In drinking water the cancer risk seems to depend on the amount
of asbestos swallowed. When you take a little asbestos and send
it out to other parts of the body no one site is going to have very
much, therefore the risk theoretically should be low. Asbestos has
however, one very dangerous quality, as it accumulates in the body;
the microscopic fibers lodged in tissues can remain like little
time bombs and cause cancer years later. Since asbestos exposure
is cumulative, young people are in particular need of protection.
"Adults have three or four decades to develop cancer after
exposure", says Dr. Landrigan. "The kids have six or seven.
this means that a smaller dose of a carcinogen is as dangerous to
the kids as a larger dose of it is to adults".
Controlling asbestos so that standards are met is critical.
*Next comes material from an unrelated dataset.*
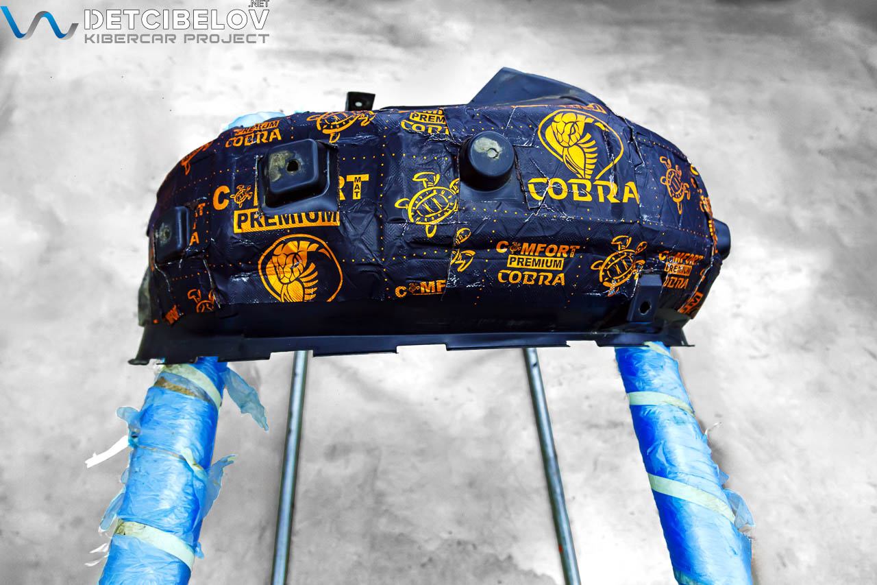 Процесс шумоизоляции начинается с внешней стороны арок в несколько слоев. Первым идет Comfort mat Extreme. Эффективный вибродемпфирующий материал, состоящий из нескольких слоев, каждый из которых поглощает максимально возможное количество издаваемых вибраций.

In
Woodstock, pipes crumbled so badly that the proposed standard was
exceeded. In one 1985 sample, 300 million fibers of every length
were found per quart.
As thousands of other North Americans become suspicious of what
level of asbestos may be in their drinking water, the big question
is how to take preventive measures. At the very least, water districts
should be required by law to tell consumers what type of pipe transports
their precious commodity and before major problems erupt they should
be required to test their water. If necessary districts should be
required by law to quickly remove the pipe, just as schools have
been required to remove asbestos pipe and insulation/tiles. Failure
to do so dooms millions of people to become test animals in a massive
biological experiment involving a known carcinogen.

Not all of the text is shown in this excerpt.